I use wikis to give children a place to record the information they find and to work together. This year I put the children in groups of 3 and initially gave them a page each to find information about. After they've all got their page going, I'll allow them to add to another group's page if they want, but there are complications of 2 people work on a page at once, so I'll limit this.

Some of them have added to their page from home.

It gives them a lot of practical thinking opportunities about assessing the truth and reliability of what's written and published in print and online.

It also gives parents a window on what they're doing.

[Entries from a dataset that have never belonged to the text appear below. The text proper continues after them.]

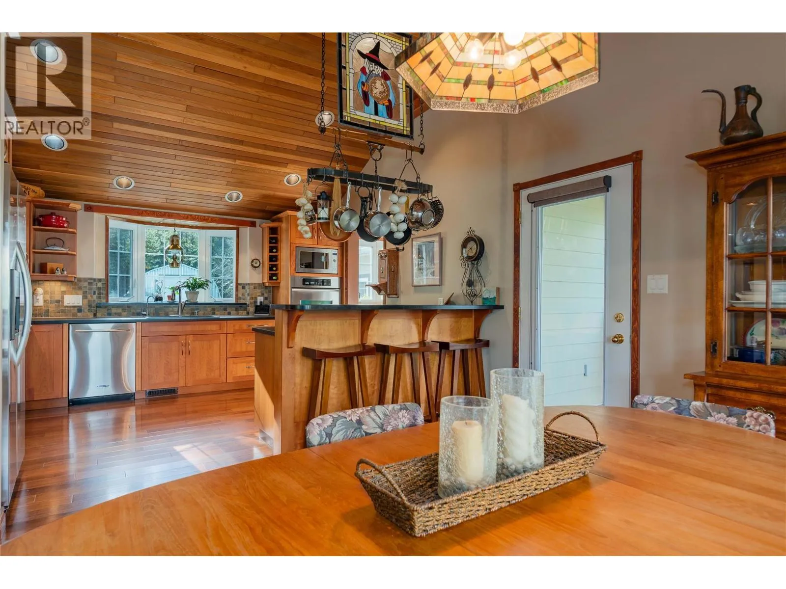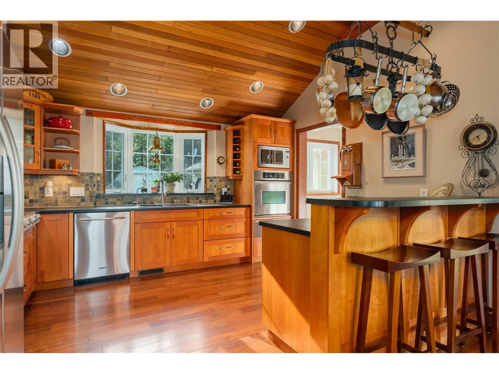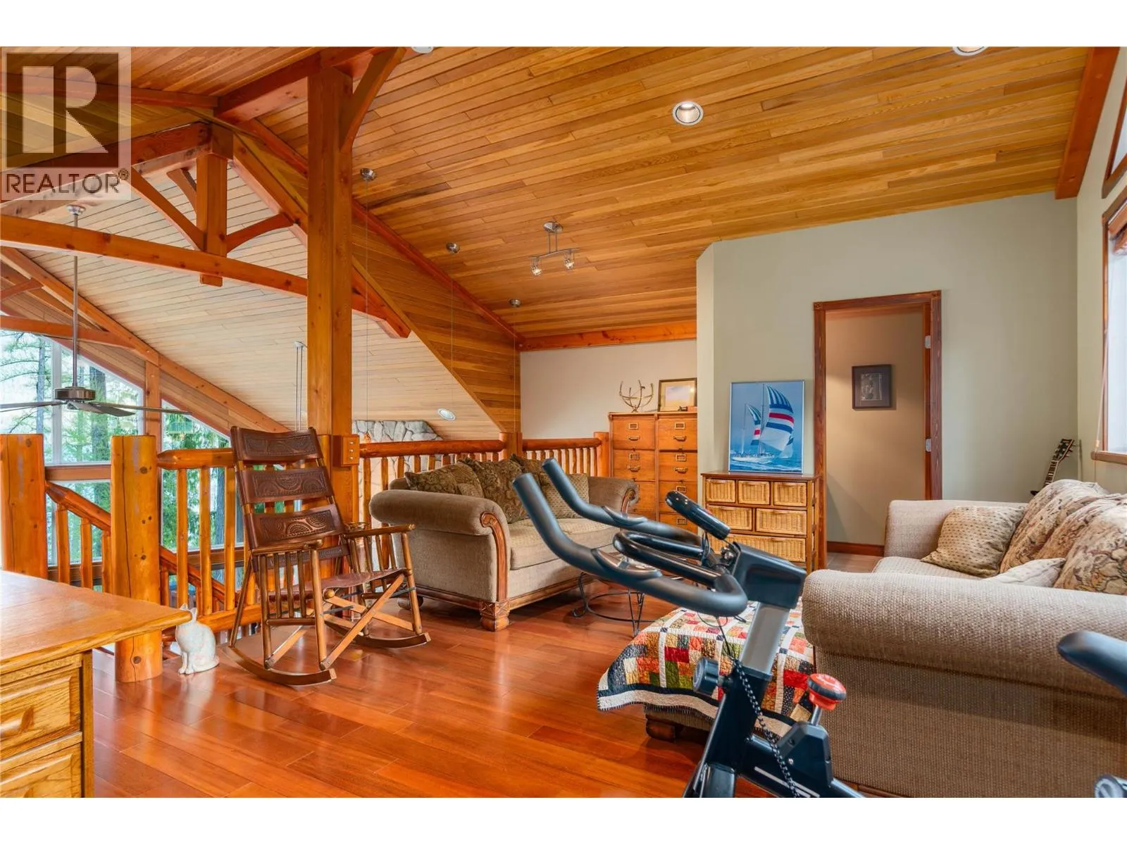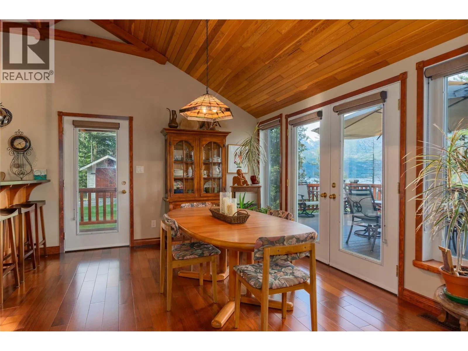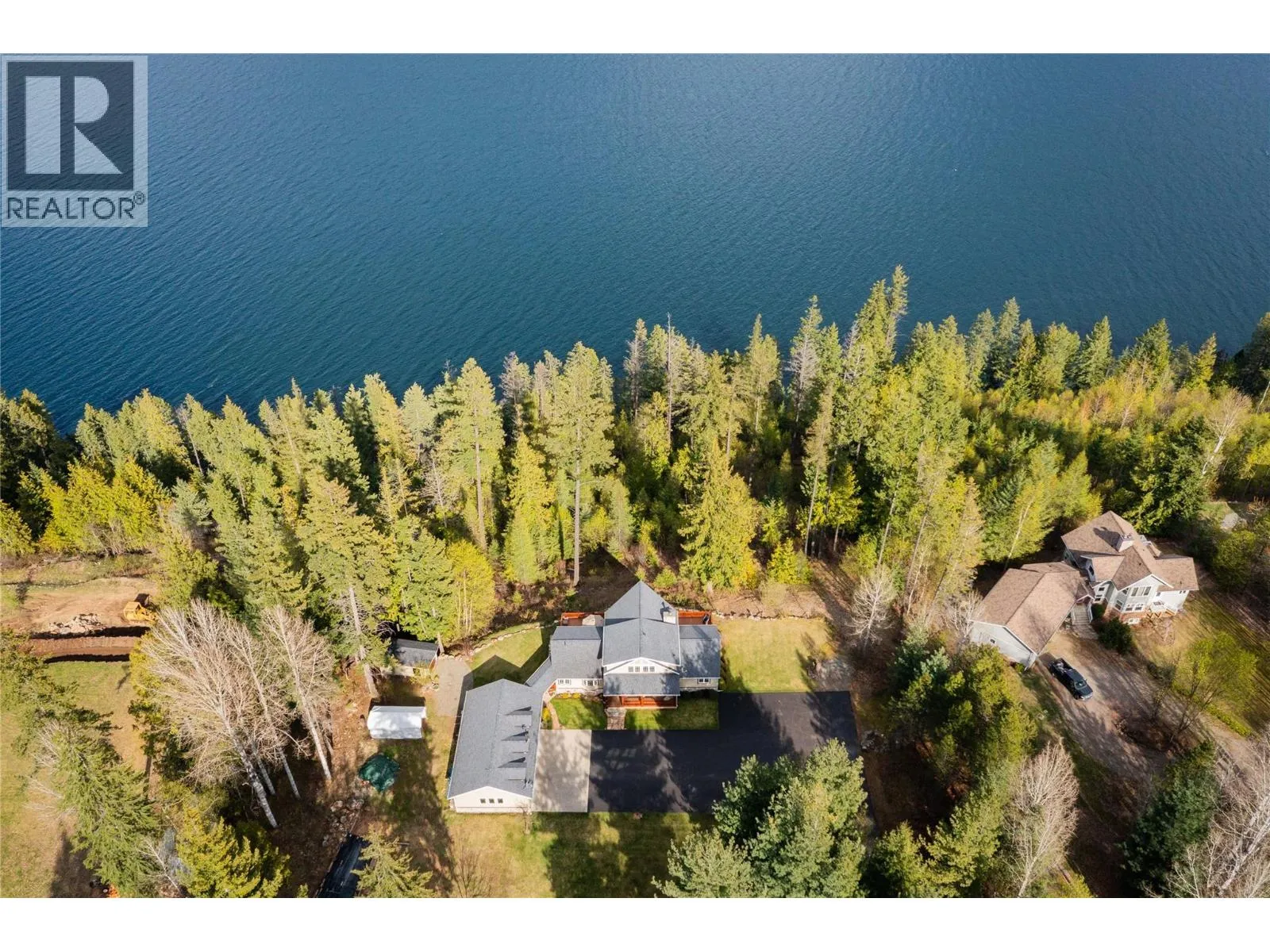 This stunning 6.03-acre waterfront estate offers an exceptional blend of luxury, privacy, and breathtaking views of Kootenay Lake and the Purcell Mountains. Thoughtfully designed to embrace its spectacular setting, the home features floor-to-ceiling windows that flood the interior with natural light and frame panoramic lake and mountain vistas. The main living area is anchored by a dramatic floor-to-ceiling wood-burning fireplace, creating a warm and inviting atmosphere year-round. The kitchen boasts abundant counter space, generous storage, and an eating bar, perfect for entertaining. Off the dining room, French doors open to a wraparound deck, offering stunning outdoor living and entertaining spaces. The main level includes a spacious bedroom, full bathroom, laundry and mudroom, and a luxurious primary suite with full ensuite and direct deck access. The upper level, currently used as an office and family room with a 2-piece bathroom, offers flexibility as a guest suite or additional primary retreat. The lower level provides expansive recreation and games rooms, ample storage, utility space, and an additional bathroom. Completing the property are beautifully landscaped grounds, a triple-car detached garage with workshop, and a large quonset ideal for recreational vehicles, boat or a motorhome. With recent updates including a new heat pump and hot water tank (2024), this exceptional waterfront home must be seen to be truly appreciated. (id:27476)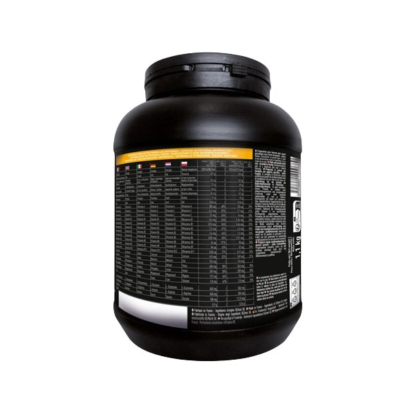 La formule de ce produit dédié à la construction musculaire contient 71 % de glucides mélangés à des protéines de lactosérum. Gainer Max — Eafit comporte 6 sources de glucides. Les sucres à IG élevé que le corps assimile rapidement permettent à l’organisme de profiter d’un apport énergétique immédiat. Leurs actions sont relayées par les sucres à IG faible qui fournissent une énergie durable. Parmi les composants à IG bas, citons entre autres l’avoine qui est connue pour ses multiples bienfaits sur la digestion. La préparation inclut en outre un complexe d’acides aminés (High Amino complex). Il renferme également de l’arginine et de la taurine qui stimulent les performances physiques et de la glutamine qui soutient le métabolisme des protéines musculaires. Gainer Max comporte aussi un dosage important de BCAA (acides aminés branchés), 15 minéraux et vitamines.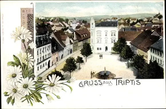 Passepartout Ak Triptis in Thüringen, Teilansicht mit Marktplatz, Rathaus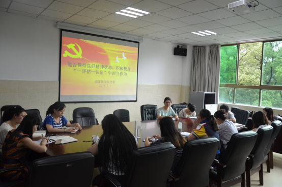 职工党支部纪检委员马燕萍进行了中心发言,围绕“学习、榜样、健康”三个方面就如何在“三评估一认证”中担当作为与全体党员进行了交流学习。党委书记周红要求全体党员要深刻理解“担当”的丰富内涵和内在要求,勉励大家要勇于担当、敢于担当,有服务意识和强烈的责任意识,争取在“三评估一认证”工作中做出自己的贡献。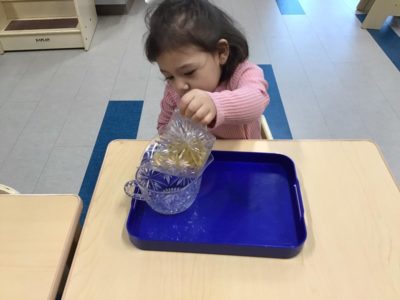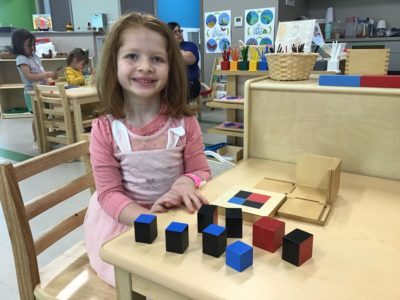 The child-centered Montessori curriculum focuses on hands-on learning, exploration, and self-discovery, adapting to each child’s needs and learning style.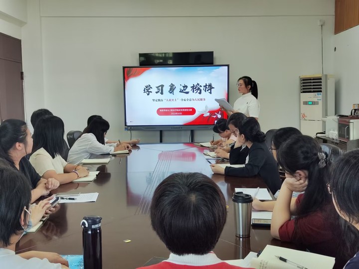 为深入学习贯彻习近平新时代中国特色社会主义思想,推动主题教育走深走实,进一步加强党员教师的思想建设,激励广大党员教师学先锋、担使命、善作为,应用英语党支部10月25日下午在学校综合楼六楼会议室开展主题教育“学习身边榜样”活动。

With this class I'm going to get them to take a photo of the Roman Villa they've been making in their group and add it to a page with a comment. Unfortunately I don't think I've time to do video this term because of the editing time involved.

Anonymous said...

Just wondered - what sort of resources do you have (ie number of internet linked machined - number of kids) for doing the wikis?

Bryan

Anonymous said...

There are 30 kids in my class. In my classroom I have 3 machines with internet access, and once a week I have timetabled access to the laptop bus with between 5 and 8 working laptops on any given day. They access the internet via a wireless router.
They do the wiki on days when the groups are collaborating on other topic based stuff as well so turn-taking is easy and the wiki is then seen as just an extension of their group's work.

Anonymous said...

Thanks Dot. Now, put your energies into a wee displacement activity (it does get you thinking too, honest!)